This project focuses on analyzing farebox recovery, the fraction of transit revenue generated from fares, using data from the National Transit Database (NTD). The analysis examines key metrics, including farebox revenues, operating expenses, ridership (total number of trips), and vehicle miles traveled (VMT). Given the disruptions caused by the COVID-19 pandemic, the data reflects some post-pandemic irregularities. For consistency, we utilize 2022 data across all categories, recognizing the lag in reporting. The goal is not to make long-term forecasts but to gain insights into the performance and financial sustainability of various transit agencies.
Total Vehicle Revenue Miles (VRM) by Transit Agency
In this sample, the transit agency with the most total Vehicle Revenue Miles (VRM) was MTA New York City Transit, which reported a total of 10,832,855,350 VRM. This highlights the immense scale of operations for New York City’s transit system, reflecting its critical role in serving one of the largest metropolitan areas in the United States.
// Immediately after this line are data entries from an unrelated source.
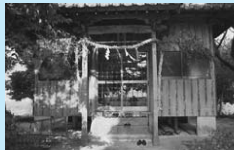
▲野寄天満宮のしめ縄飾り

天神様を氏神とし、毎年 12 月 25 日に村祭りを行います。23 日の天皇誕生日には、施主を中心にしめ縄作りをしています。地区は、明治より代々続家とその分家筋の住民が多く、団結力の強いのが自慢です。
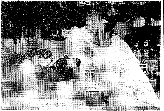
再三の大火憂え田町で盛大に厄払い。田町の大火を憂える中、盛大な厄払いが行われた。

「教育研究の場」誕生平市 分庁舎二階に設置。平市の分庁舎二階に「教育研究の場」が誕生。平市の分庁舎二階に「教育研究の場」が誕生。
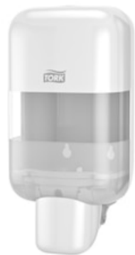
Tork Mini Soap&Sanitizer Disp.Wh 565200

Total Vehicle Revenue Miles (VRM) by Transit Mode
When analyzing the data by transit mode, the Motorbus mode had the most significant operational miles, with a total of 49,444,494,088 VRM. This indicates that Motorbuses are the most utilized form of transportation in terms of distance covered.
NYC Subway Ridership in May 2024
For the month of May 2024, a total of 180,458,819 trips were taken on the New York City Subway (Heavy Rail). This figure represents the scale of ridership in one of the largest transit systems in the U.S. during that period.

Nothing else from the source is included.